Information shown: Begin

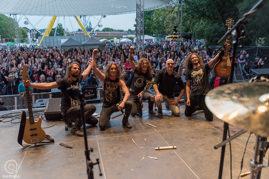 Und genau diese Marschrichtung haben die fünf Recklinghäuser auch in Waltrop verfolgt. Auf der Open Air Bühne am Riesenrad haben die Brüder Kovacs und ihre drei Mitstreiter ein Stimmungsfeuerwerk abgebrannt, was seinesgleichen sucht. Ein energiegeladener Johnny K. tobte wie ein Derwisch über die Bühne und zeigte in einer guten Stunde eine körperliche Leistung, die die meisten von uns nicht in einer Woche ableisten.
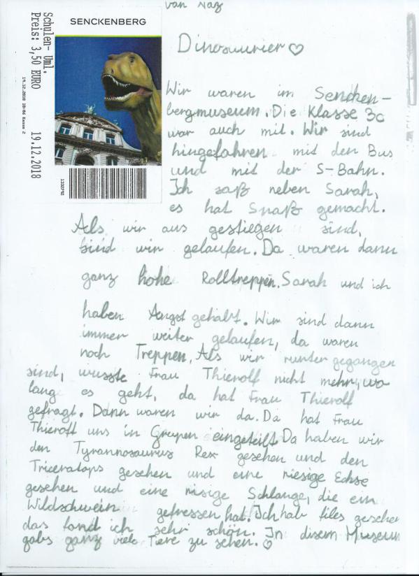 In der letzten Schulwoche vor den Weihnachtsferienwaren wir gemeinsam mit der Klasse 3c in Frankfurt im Senckenbergmuseum.
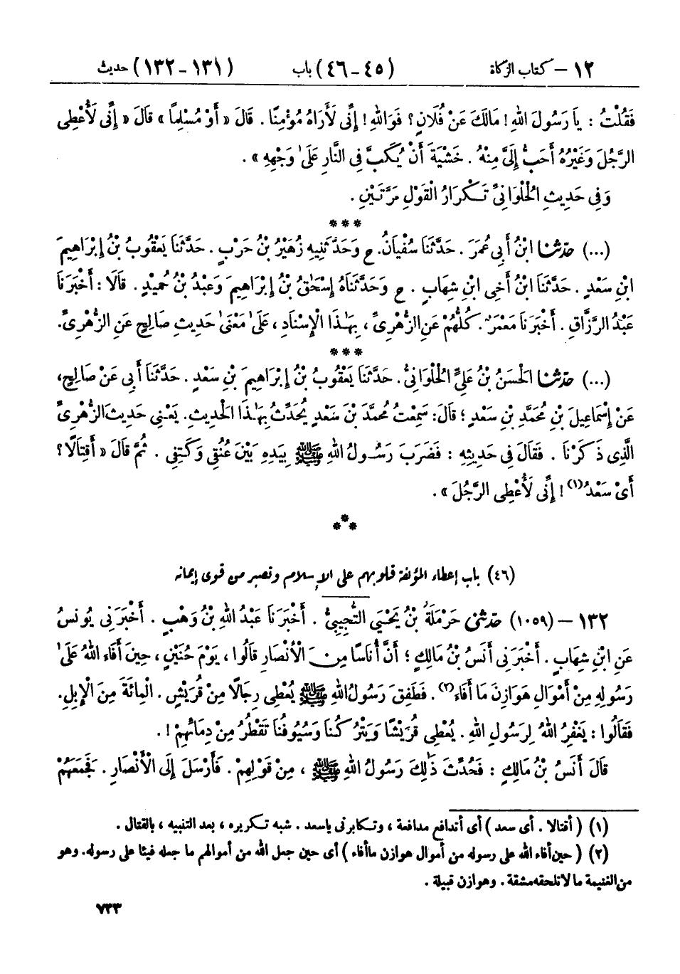 46 - بَابُ إِعْطَاءِ الْمُؤَلَّفَةِ قُلُوبُهُمْ عَلَى الْإِسْلَامِ وَتَصَبُّرِ مَنْ قَوِيَ إِيمَانُهُ
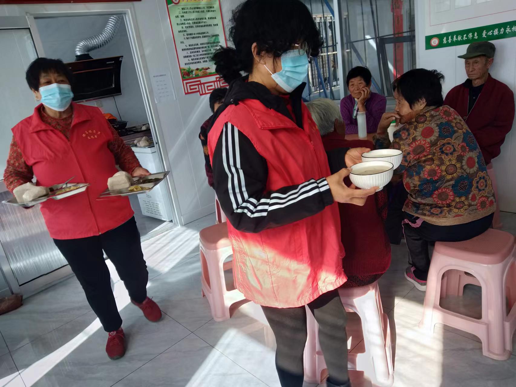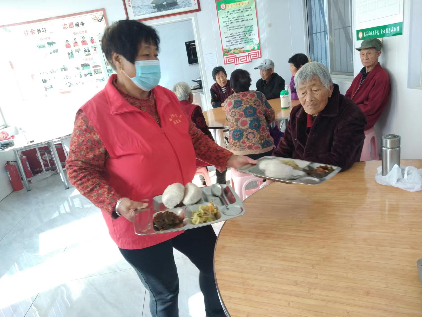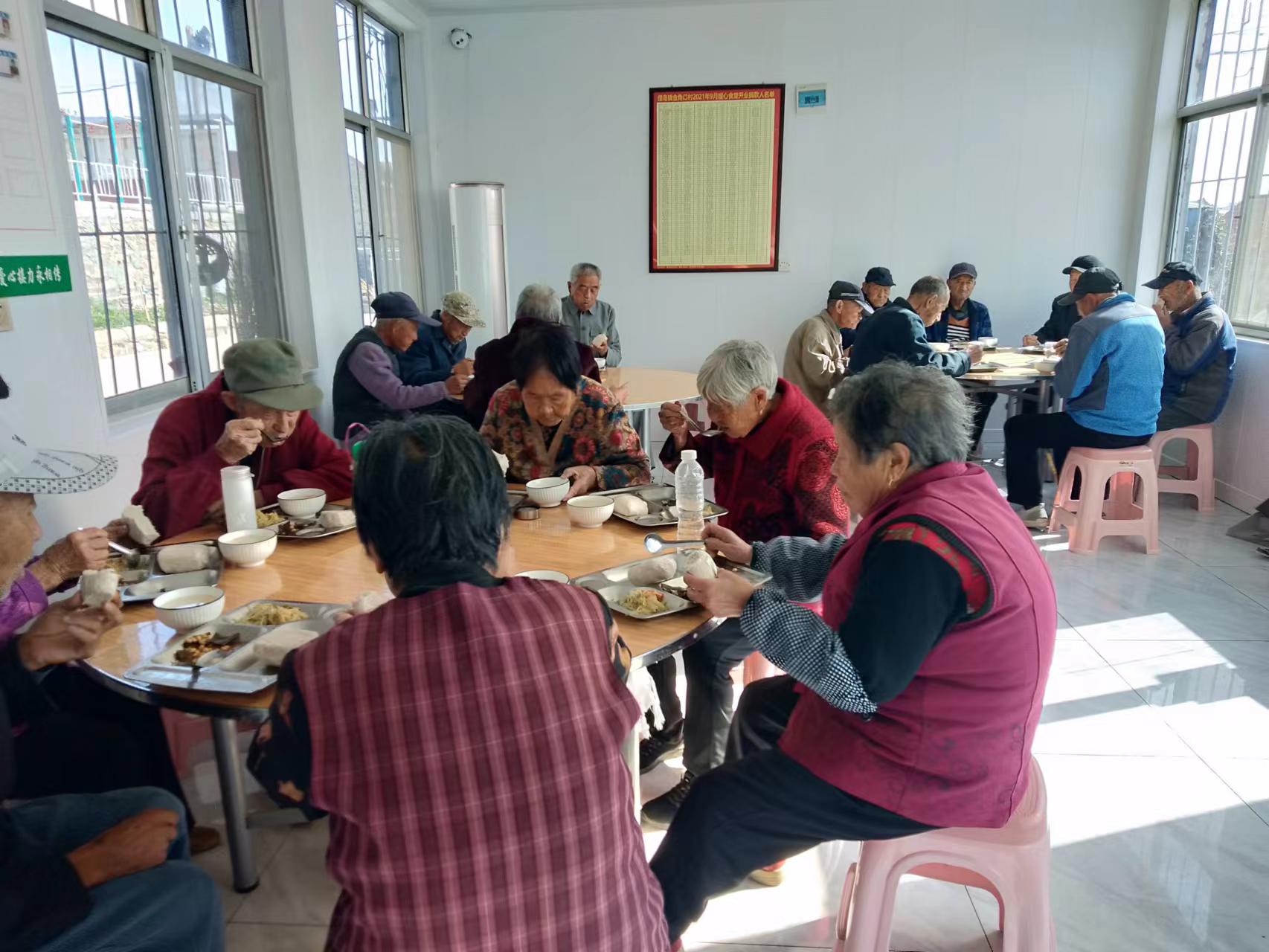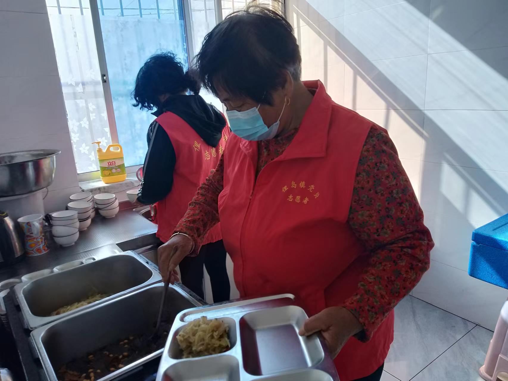 为了给老人送去关爱,俚岛镇金角口村巾帼志愿服务队招募2名志愿者,2023年11月6日10: 00-12:00在村暖心食堂负责给老人领饭,发饭,提高老人用餐幸福感。有了志愿者的服务老人用餐非常愉快。
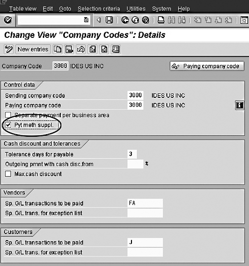From the Payment Program menu, follow the menu path Environment>Maintain Configuration (or from any main window in R/3, just use transaction code FBZP). Select the All Company Codes button, and then drill down on your company code. Put a checkmark in the Payment Method Supplement checkbox in the Control Data section to activate the functionality and then Save your work. An example is shown in Figure 3.
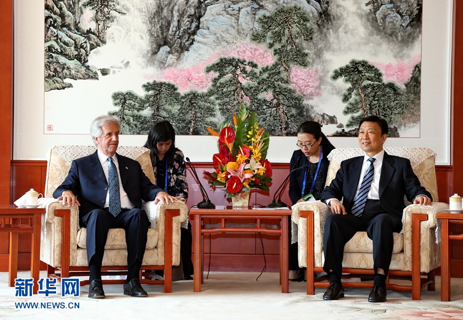 10月14日,中國國家副主席李源潮在河北唐山會見參加第十屆中國-拉美企業(yè)家高峰會的烏拉圭總統(tǒng)塔瓦雷·巴斯克斯。 新華社記者楊世堯攝
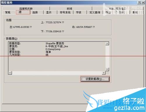 2、打开属性窗口中选择“源”,单击设置数据源按钮,重新设置数据源;
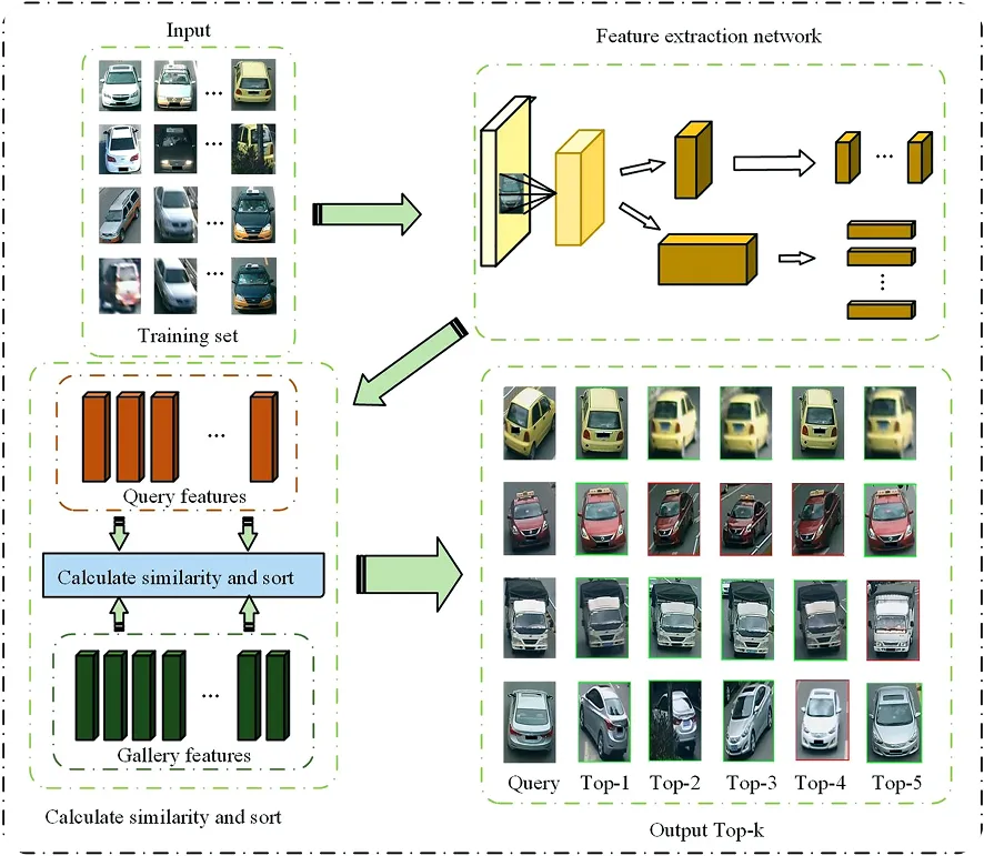 A un alto nivel, el sistema detecta primero los vehículos en cada fotograma y luego extrae características como el color, la forma y la textura para crear una representación digital única, o incrustación, para cada uno. Estas incrustaciones se comparan en el tiempo y entre cámaras, a menudo con el apoyo del seguimiento de objetos y comprobaciones espaciotemporales, para decidir si dos avistamientos pertenecen al mismo vehículo.

Information shown: End

» Action item
Print the material exactly as given, but not the pictures.

» Answer
 Und genau diese Marschrichtung haben die fünf Recklinghäuser auch in Waltrop verfolgt. Auf der Open Air Bühne am Riesenrad haben die Brüder Kovacs und ihre drei Mitstreiter ein Stimmungsfeuerwerk abgebrannt, was seinesgleichen sucht. Ein energiegeladener Johnny K. tobte wie ein Derwisch über die Bühne und zeigte in einer guten Stunde eine körperliche Leistung, die die meisten von uns nicht in einer Woche ableisten.
 In der letzten Schulwoche vor den Weihnachtsferienwaren wir gemeinsam mit der Klasse 3c in Frankfurt im Senckenbergmuseum.
 46 - بَابُ إِعْطَاءِ الْمُؤَلَّفَةِ قُلُوبُهُمْ عَلَى الْإِسْلَامِ وَتَصَبُّرِ مَنْ قَوِيَ إِيمَانُهُ
 为了给老人送去关爱,俚岛镇金角口村巾帼志愿服务队招募2名志愿者,2023年11月6日10: 00-12:00在村暖心食堂负责给老人领饭,发饭,提高老人用餐幸福感。有了志愿者的服务老人用餐非常愉快。
From the Payment Program menu, follow the menu path Environment>Maintain Configuration (or from any main window in R/3, just use transaction code FBZP). Select the All Company Codes button, and then drill down on your company code. Put a checkmark in the Payment Method Supplement checkbox in the Control Data section to activate the functionality and then Save your work. An example is shown in Figure 3.
 10月14日,中國國家副主席李源潮在河北唐山會見參加第十屆中國-拉美企業(yè)家高峰會的烏拉圭總統(tǒng)塔瓦雷·巴斯克斯。 新華社記者楊世堯攝
 2、打开属性窗口中选择“源”,单击设置数据源按钮,重新设置数据源;
 A un alto nivel, el sistema detecta primero los vehículos en cada fotograma y luego extrae características como el color, la forma y la textura para crear una representación digital única, o incrustación, para cada uno. Estas incrustaciones se comparan en el tiempo y entre cámaras, a menudo con el apoyo del seguimiento de objetos y comprobaciones espaciotemporales, para decidir si dos avistamientos pertenecen al mismo vehículo.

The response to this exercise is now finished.